Ironically, the 6-hour webinar hosted by Access Israel on Tuesday, entitled “Accessible and Inclusive Remote Education for Students with Disabilities during and post COVID-19,” was longer than the school day for many students around the world. And, unlike students around the world who are returning to in-person learning, the more than 500 participants and 23 presenters from over 75 countries (from Rwanda to Nepal!) didn’t even need to wear masks, wash hands frequently or maintain distance from peers and teachers! The content of the webinar was amazing, though it is admittedly difficult to sit for so long—and to absorb so much content.
I enjoyed learning from experts at Google and Microsoft and many other countries and organizations about accessibility features I never knew about—so many text to speech options, translation, captioning options and more—useful to ALL users. I hope to write more about these in future blogs. A quick example: read all about Microsoft Accessibility features here. There is useful info on Microsoft Accessibility Mobility Features, Hearing Features, Mental Health Features, Cognitive Features, Vision Features and Speech Features.
I particularly enjoyed hearing about special education in a range of countries—and how the countries supported learners with disabilities during the Covid pandemic. This is particularly relevant as all learners in all countries are in the process of returning to some form of education (in person, virtual, blended/hybrid). And this is complex even for learners without disabilities.

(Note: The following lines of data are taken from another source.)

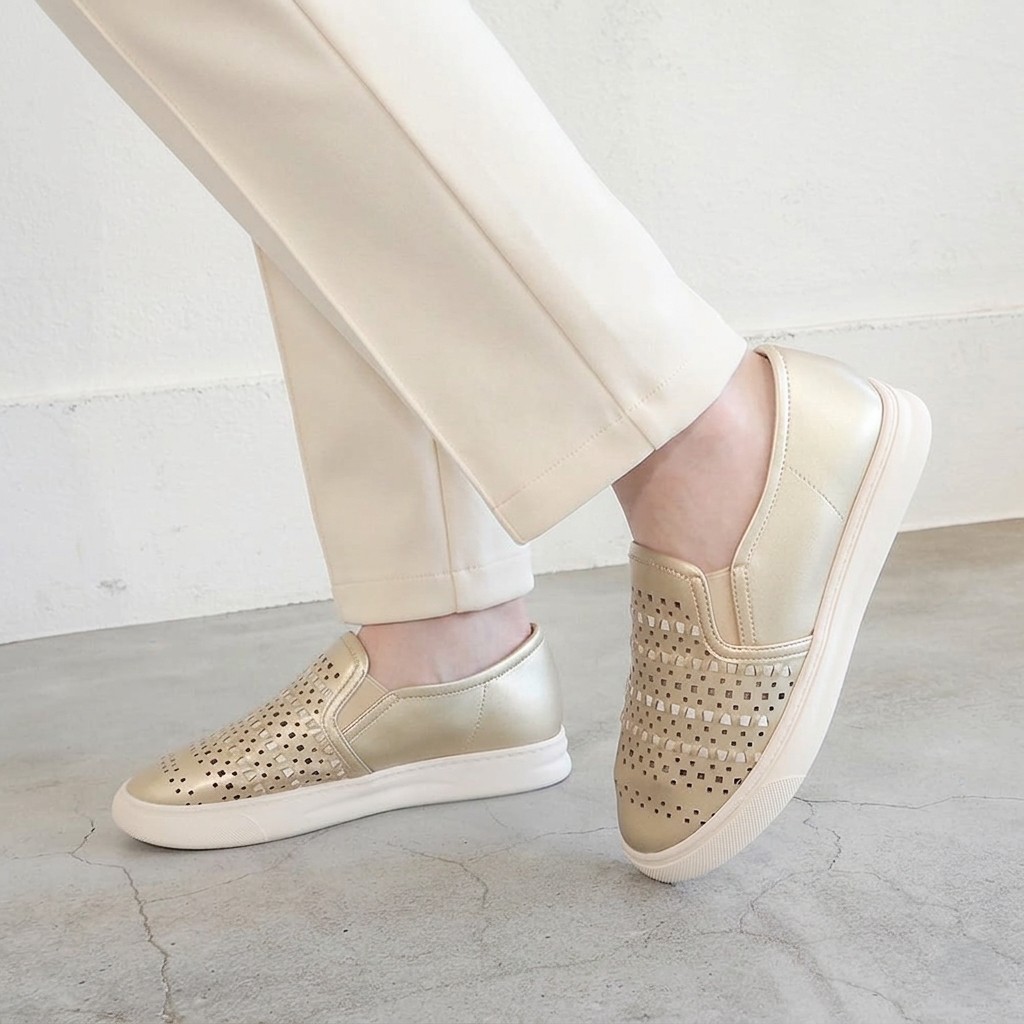 2026 SSは、メタリックのさりげない部分使いに注目。ローテクで抜け感のあるスポーティアイテムを取り入れて、日常使いでさらっと履きこなして。
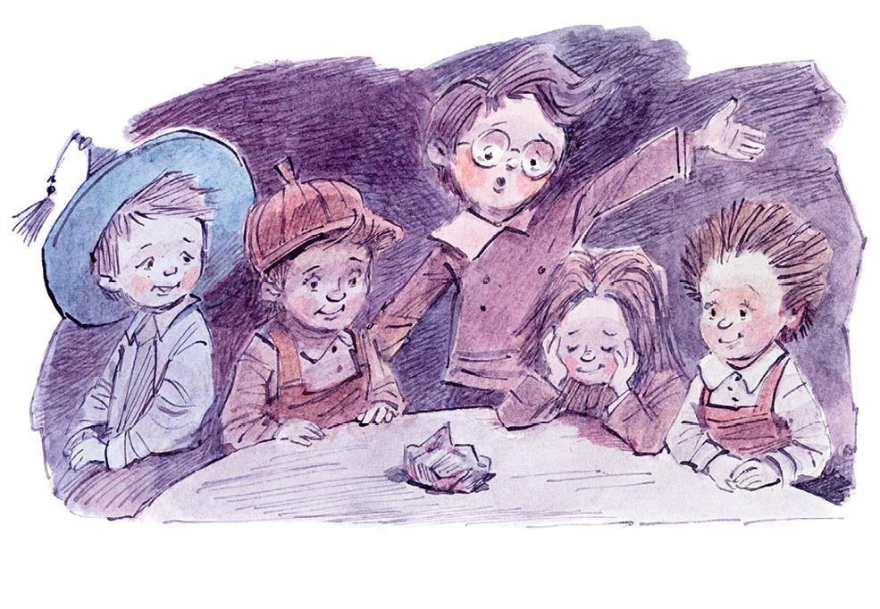 Как только солнышко скрылось за горизонтом, все уже были у Знайки в комнате.
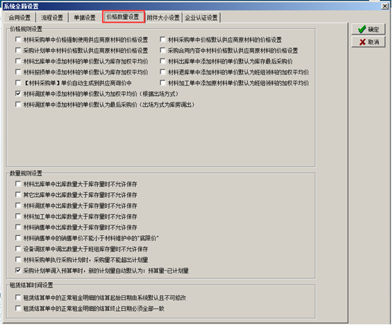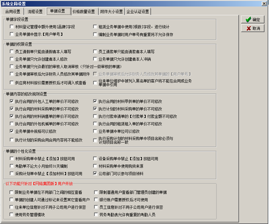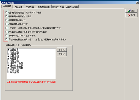 進入系統(tǒng)的“系統(tǒng)維護”-“系統(tǒng)全局設(shè)置”彈出系統(tǒng)全局設(shè)置的對話框,點擊“合同設(shè)置”,在對應(yīng)的復(fù)選框打鉤代表合同受對應(yīng)開關(guān)的控制,如圖:
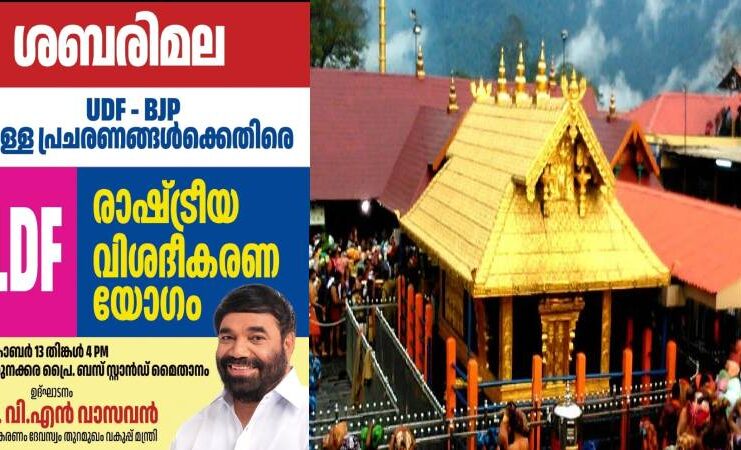 ശബരിമല വിവാദത്തിൽ കോട്ടയത്ത് വിശദീകരണയോഗം നടത്താൻ എൽഡിഎഫ്.എൽഡിഎഫ് ജില്ലാ കമ്മിറ്റിയുടെ നേതൃത്വത്തിൽ ഇന്ന് നടക്കുന്ന പരിപാടിയിൽ ദേവസ്വം വകുപ്പ് മന്ത്രി വി എൻ വാസവൻ പങ്കെടുക്കും.
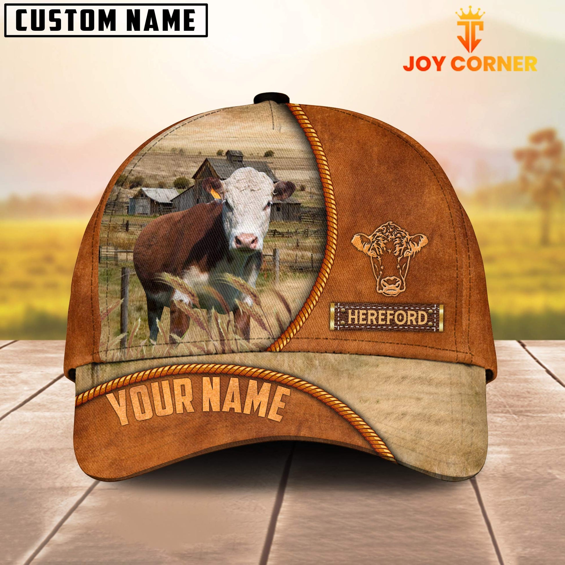 Uni Custom Name Hereford Leather Pattern Cap TT6
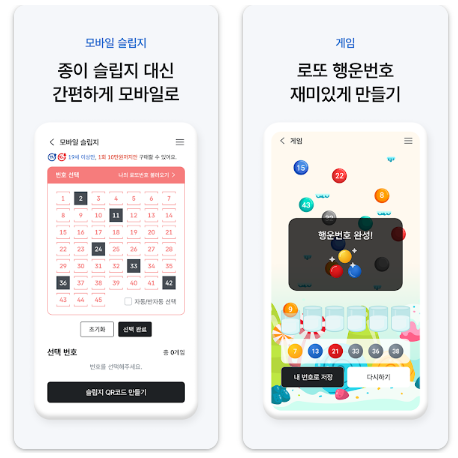 | 모바일 슬립지 | 앱에서 미리 번호를 선택해 QR로 저장 | 판매점에서 제시 후 구매 |

Racheli Abramson of Israel shared date on her country: there are 2,200,000 school students in Israel, and 209,000 are in special education. She reported that 170,000 of those students are integrated in to “standard classes.” I am fairly certain she reported that 67,500 are in special (self-contained) classes). Even as the country closed schools for most learners, Israel “kept special education institutions opened daily for face to face instruction, as possible—to maintain the familiar study routine.” They also tried to work with parents to answer their questions, find other solutions, etc. [I will need to confirm these numbers above as they sound very high—especially in light of confirmed numbers below for New York City].
Christina Foti, Deputy Chief Academic Officer, Division of Specialized Instruction and Student Support at NYC Department of Education, reports that there are 1.1 million students in the New York City school system and 300,00 have disabilities; 25,000 with the highest need are in what is called District 75. I was very impressed hearing Christina speak about how they partnered with Apple, who provided over 300,000 Ipods to students with the greatest need including those with disabilities and those in temporary housing. They also partnered with internet companies to make sure students could have internet service for their online learning.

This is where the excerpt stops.